Hi all! I'm currently developing a project where I'm using Azure OpenAI (GPT-5-mini) from a Docker container on a Google Cloud Platform (GCP) virtual machine. My authentication setup involves a Python application, and I'm employing the "DefaultAzureCredential" along with "get_bearer_token_provider" to authenticate with an Azure Service Principal (SPN). My credentials such as "AZURE_CLIENT_ID", "AZURE_TENANT_ID", and "AZURE_CLIENT_SECRET" are currently saved in a Docker ".env" file.
While the token acquisition process works without any hitches, I'm facing a challenge with the SPN client secret that expires every 45 days, necessitating manual updates to the secret in my ".env" file. This workflow is manageable during development, but I'm worried about its reliability once I deploy it in a production environment.
Here's a brief overview of my setup:
- Running a GCP VM that hosts Docker containers
- A Python application that integrates with Azure OpenAI
- Authentication via Azure Entra ID tokens using "DefaultAzureCredential"
I'm hoping to get some advice on the best practices for accommodating SPN secret rotations in production. Specifically, I'm curious about:
1. The best production strategies for dealing with SPN secret rotation in my situation.
2. Whether Workload Identity Federation from GCP to Azure Entra is a viable solution.

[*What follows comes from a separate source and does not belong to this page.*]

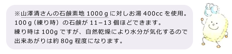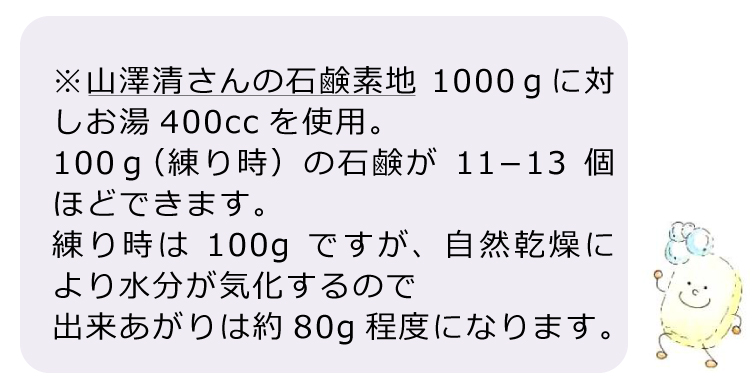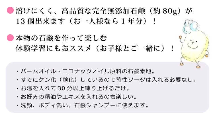 【補足事項】油脂を使って最初から石鹸を作る場合、ケン化に必要な苛性ソーダ(水酸化Na)は「劇物」と指定されている薬品です。扱いを間違えると危険ですが、この「石鹸素地」なら苛性ソーダを使用しませんので、安心して石鹸作りをお楽しみ頂けます。

3. The potential benefits of storing the secret in GCP Secret Manager or Azure Key Vault.
4. General strategies that teams typically use to manage cross-cloud workloads.
Any architectural tips or examples would be greatly appreciated! Thanks a lot!
1 Answer
It's essential to have a solid secret management strategy if you're rotating secrets. Implementing Workload Identity Federation makes a lot of sense here, especially for cross-cloud authentication. This would allow you to avoid manually updating your secrets every time. If you can, look into integrating GCP Secret Manager or Azure Key Vault as well; both options keep your credentials secure and regularly updated without much hassle. It's a common practice to automate these processes for production environments, so I recommend moving in that direction!
Absolutely! Using CI/CD pipelines can assist in automating the secret updates within your deployment process, making everything smoother in production.

Thanks for the insights! I’m particularly interested in automating the secret updates to avoid future issues. Would using CI/CD tools help with that?